Пораженные слизистые оболочки глаз (при глазобубонной форме туляремии) промывать теплым 1 % раствором соды или кипяченой водой, 23 раза в день закапывать по 2 капли 20 % альбуцида. Для более быстрого рассасывания бубонов (чума, туляремия) на их область накладывается согревающий компресс.
При оказании сестринского ухода за больным сибирской язвой медсестра особенно тщательно должна соблюдать правила личной безопасности, работать в резиновых перчатках, маске. При уходе за кожными покровами больного сибирской язвой важно для профилактики сепсиса не травмировать участок кожи, на котором развился сибиреязвенный карбункул, а также необходимо убедить пациента в том, чтобы он не вскрывал пузыри и корки с карбункула.
Медицинские сестры должны следить за тем, чтобы одежда больного (воротничок, манжеты, пояс, резинки), ремень, браслет часов не сдавливали карбункул и не терлись об его поверхность.

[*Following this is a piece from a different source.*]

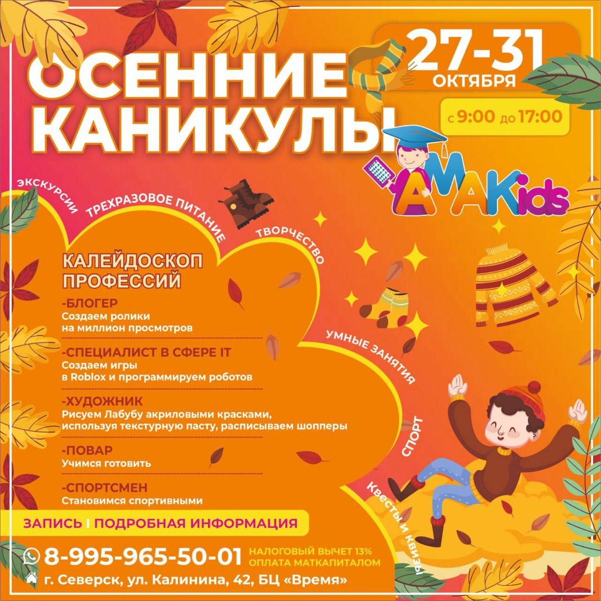 🍁 ОСЕННИЕ КАНИКУЛЫ, КОТОРЫЕ ХОЧЕТСЯ ПОВТОРИТЬ! С 27 по 31 октября — в AMAkids! ✨ Пока другие скучают дома, ваш ребенок: 🚀 Погружается в мир будущих профессий 🎨 Создает арт-шедевры, как настоящий художник 🎮 Программирует роботов и игры в Roblox 🎥 Снимает ролики, которые могут набрать миллион просмотров 👩🍳 Учится готовить, как мастер-шеф 🏅 Прокачивает выносливость на спортивных челленджах 🎁 Каждый день — новые открытия, экскурсии и мастер-классы! 💡 Почему выбирают AMAkids? ✅ Мини-группа — внимание каждому ✅ Авторские методики — учим через игру ✅ Творчество, движение и IT — всё в одном месте ✅ Уют, безопасность и забота о детях 📆 5 насыщенных дней ⏰ С 9:00 до 17:00 🍽 Трехразовое питание 📍 г.Северск, ул. Калинина 42, БЦ «Время» 💰 Цена 8000 рублей! ⚡Мест все меньше — бронируйте сейчас: 📞 8(995)965-50-01 💬 wa.me/+79959655001

Накладывать сухую или лечебную повязку необходимо аккуратно, чтобы не повредить грануляционный вал на границе очага некротических тканей. Перевязочный материал должен сжигаться. Зависимые вмешательства осуществляются строго по назначению врача.
При чуме все манипуляции и уход за больным осуществляются в противочумном костюме. Необходимо контролировать строгое соблюдение постельного режима и полноценное питание. Ухаживая за тяжелыми больными, важно тщательно следить за чистотой ротовой полости, глотки, носовых ходов и области промежности, регулярно проводить профилактику пролежней, которые очень быстро образуются у больных чумой. В случае образования кожной язвы по назначению врача накладывается сухая стерильная повязка или повязка с мазью Вишневского.